In the first semester the focus is on writing about a variety of texts. The emphasis will be on
developing a critical vocabulary to articulate your responses to poems from the renaissance to the
present day, short stories from the nineteenth and twentieth centuries, a novel, The Great Gatsby and
a play, Macbeth. The assessment in the first semester is geared around testing your ability to write
short, precise analyses of these texts utilising the technical vocabulary that will be a platform for all
your future study of English literature.
The second semester encourages you to engage with critical, theoretical and contextual responses to
literary texts, that is, to read about writing. This semester is organised into the following categories:
History, Authorship, Language and Power. As you engage with these categories you will be asked to
read texts selected from the medieval period to the present, but the emphasis will fall equally on
primary and secondary reading. The assessment in the second semester is based on developing your
research skills and working towards writing an academic essay. At the end of this module you should
possess the fundamental skills that will underlie your English degree.

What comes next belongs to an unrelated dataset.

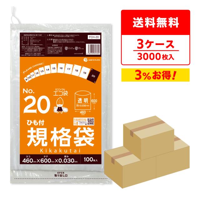 【まとめて3ケース】FCH-20-3 ひも付 規格袋 20号 0.030mm厚 透明 100枚x10冊x3箱 食品衛生法 RoHS指定 送料無料

In preparation for this module please read the opening chapter of Furniss and Bath’s Reading Poetry,
Fitzgeralds’ The Great Gatsby and Shakespeare’s Macbeth.
READING LIST (To be purchased—note: it is important to buy the stated edition)
Conrad, Joseph. Heart of Darkness. 1902. London: Penguin, 2007.
Cuddon, J. A. Dictionary of Literary Terms and Literary Theory. 4th ed. London: Penguin, 2004.
Furniss, Tom and Mike Bath. Reading Poetry. 2nd ed., London: Longman, 2007.
Ferguson, Margaret, Ed. The Norton Anthology of Poetry. 5th ed. New York: Norton, 2005.
Fitzgerald, F. Scott. The Great Gatsby. 1926. London: Penguin, 2000.
Shakespeare, William. Macbeth. 1606. Ed. Nicolas Brooke. Oxford: Oxford UP, 1998.
Stoppard, Tom. Arcadia. London: Faber and Faber, 1993.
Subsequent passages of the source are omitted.